第4話「まだ弾けるなんて聞いてない」
ダメだ……頭から離れない。
昨日キスをされてから、私の頭の中には
和泉の体温がすぐそばにあったあの瞬間——甘い香りが鼻先をくすぐり、柔らかな髪が肩に触れた感触。
少しでも気を抜けば、一瞬で蘇る。
キスされたあと逃げるように帰ってきてしまったが、和泉からは文句どころかなんのメッセージも送られては来なかった。
もしかしたら彼女はキスした時点でこうなることを織り込み済みだったのかもしれない。
学校での和泉は、まるで何事もなかったかのように過ごしている。
目が合っても、彼女の表情は変わらない。
ただ見つめられると、心臓が嫌な音を立てる。
何か言うのかと思っても、彼女は何も言わずにふいっと目を逸らす。
授業だって彼女がクラスの中心に席があるせいで、窓際後方の私の席からは観察し放題だ。
だけど、こっそり観察する限り彼女はいつもと変わらないように受けているように見える。
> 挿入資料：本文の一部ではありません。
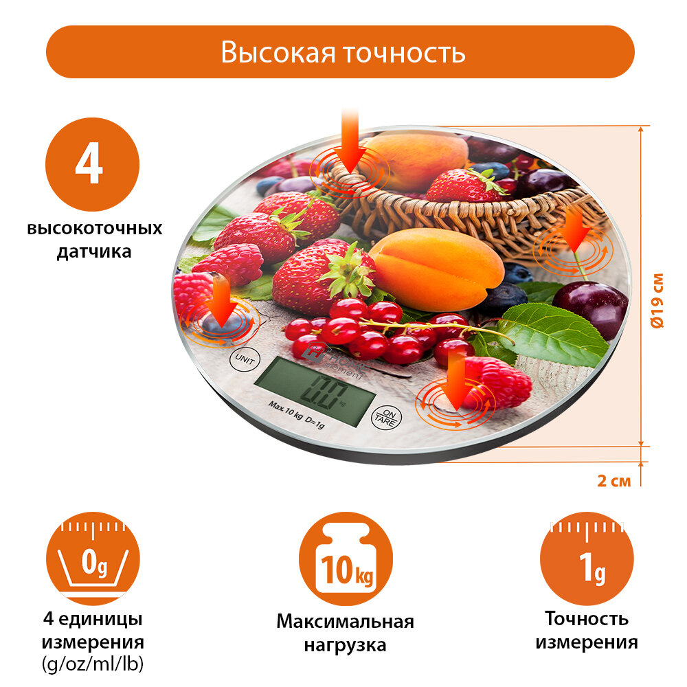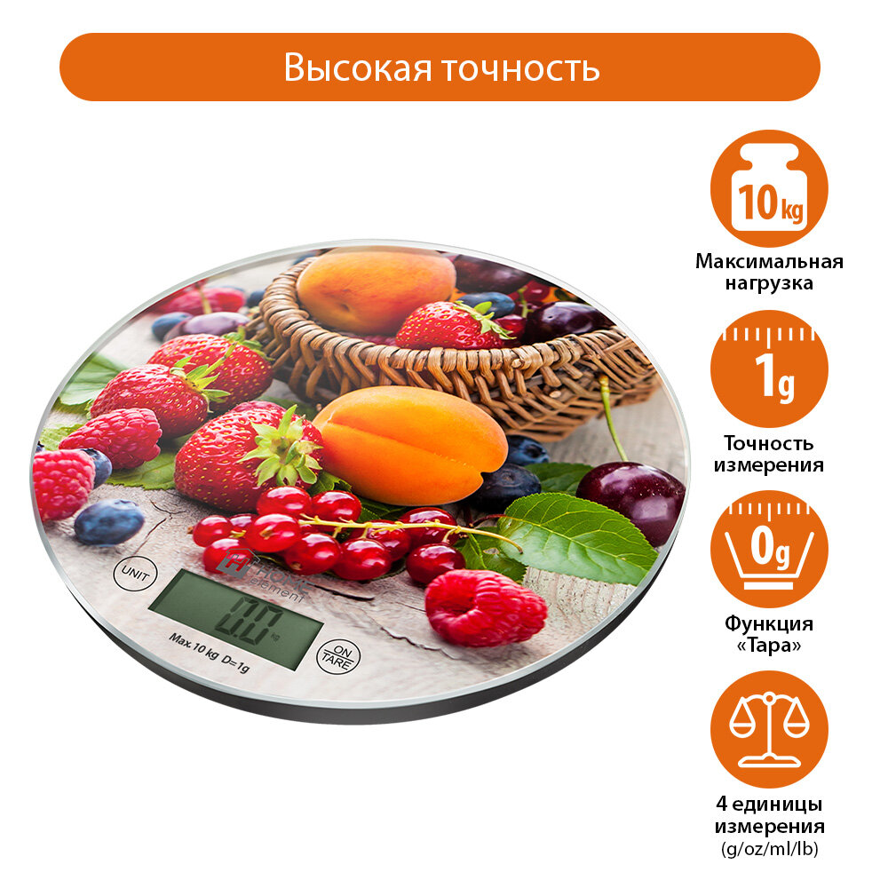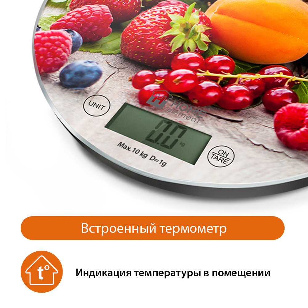 Весы кухонные HOME ELEMENT HE-SC933 ягодный микс сенсор, встроенный термометр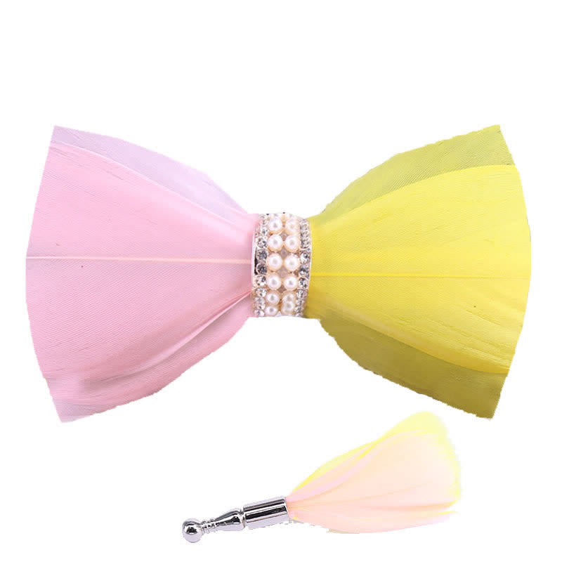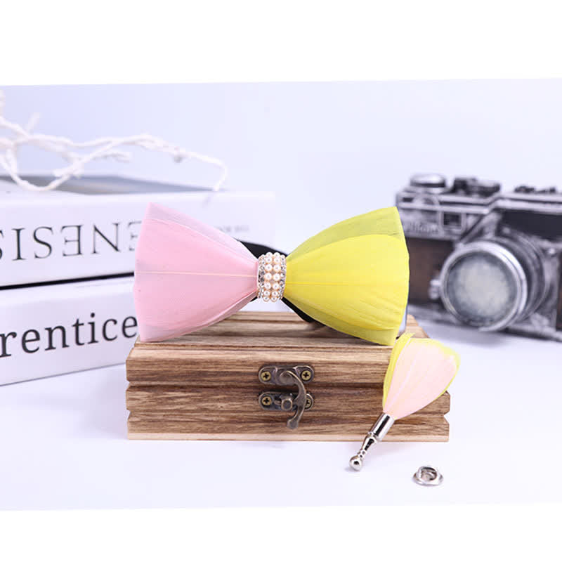- Features: Adopted the contrast color design, fashionable and halfback, this bowtie makes your color in the outfit game more thoroughly and more fashionable. Wear this trendy feather bow tie and throw the rule book away to get clash happy.
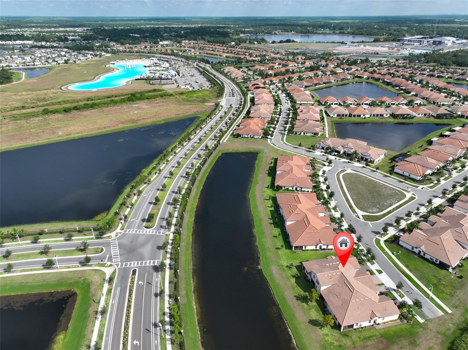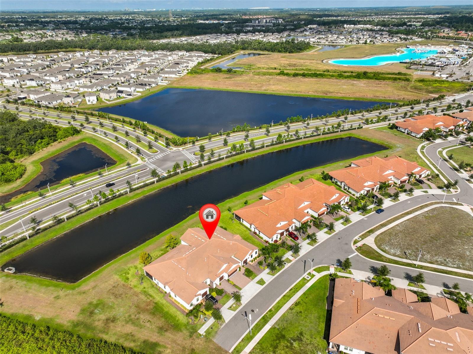 BIG PRICE ADJUSTMENT! Situated on a pond tucked away in a peaceful cul-de-sac this 2 bed, 2 ½ bath, 2 car garage Villa in a prime position, boasts an unrivaled outlook of brilliant sunsets and abundant birdlife. Relax on the screened lanai with brick tile flooring and newer blinds, perfect for taking in the peaceful pond views that enhances the home’s serene setting. Located in a desirable 55+ active community, this spacious 4-block Villa offers comfort, style, and peace of mind. Enjoy newer high-impact windows (2024) on the upper level, Gas Water Heater, Carrier 2-ton A/C (2022) for year-round efficiency & a Kinetico water softener. The kitchen features elegant stone countertops, a gas range, breakfast bar, and reverse osmosis system for pure, great-tasting water. The primary bedroom is conveniently located on the main level, with 1.5 baths for added functionality. The second level includes a bedroom with murphy bed, a second bath and a sizeable loft area. Additional features include an alarm system with keypad & phone connectivity for enhanced security, and EV charger in garage. Experience low-maintenance living in a scenic, friendly community—the perfect blend of comfort, convenience, and natural beauty. Medley at Southshore Bay in Wimauma, FL is a vibrant 55+ gated community that features a clubhouse with large ballroom including a stage and projection facility, a games room with billiards, a café and bar, fully equipped fitness center, and a resort-style pool with outside bar. Six pickle ball courts, three bocce ball courts and available for the more sports inclined residents. Frequent social events are arranged by community management & the many resident clubs. Two dog parks are available for dog owners, Further info. on Southshore Bay is available at Home–Medley Southshore Bay. Directly opposite the Medley complex is the Southshore Bay Lagoon, a 5½ acre lagoon complex that features swimming, kayaking & paddle boarding activities. A bar overlooks the pool area with food available. Movie nights & performers are routinely arranged as are Holiday celebrations. Medley residents enjoy preferential access to the lagoon complex. For more info visit the website: Southshore Bay Lagoon-MetroLagoons.

まあ今まで彼女がどんな態度で授業を受けていたかは知らないけど、少なくとも周りが騒いでいないってことは、大きな違いはないんだと思う。
私よりも、普段の和泉をよく知る人はたくさんいるだろうし。
それに――。
あ、ペン落とした——。
拾う瞬間、また目が合った気がして、慌てて視線を校庭のほうに逸らす。
……なんで私、こんなに意識してるんだろう。
「意識してる」なんて認めるのは悔しいけど――でも、あんなことをされて、何も感じないほうがどうかしてる。
昨日の感触が、息遣いが、頭の中に焼き付いて離れない。
のくせ、まるで「キスなんて日常ですけど?」みたいに、何事もなかったように過ごしてるのがムカつく。
和泉さんはキスし慣れてるのかもしれないですけど、私は初めてだったんですよ。
まあこんな嫌味の結晶みたいな言葉、本人向かって絶対に言えないけど。
その代わりせめて少しは私のことを意識して、授業に集中できなくなればいい。
そんなちょっとした意地悪な願いを込めながら、私はスマホの画面を見つめ、指を動かした。
『昼休み二号館の音楽室に来て』
休み時間にでも確認するだろうと思っていたのに、私が画面を消す間に既読が着く。
はやっ。
そのすぐ後には猫のOKと描かれているスタンプが送られてきた。
◇
「やっば。こんなに遅くなると思わなかった」
昼休みも少し過ぎたころ、私は二号館へつながる渡り廊下を走っていた。
ちょっと友達にお昼別のところで食べると言うつもりが引き留められて、気が付いたら十分も経ってしまっていた。
絶対和泉待ってるよね……。
息を切らしながらなんとか音楽室の前に行くと、彼女はいた。
「ごめん。待たせた」
「大丈夫、私も今来たところだし」
肩で息をしている私とは対照的に、彼女はいつもと変わらない様子で話しかけてくる。
友達と話しながら視界の端に捉えていた彼女は昼休みが始まってから一分もしないうちに教室から消えていた。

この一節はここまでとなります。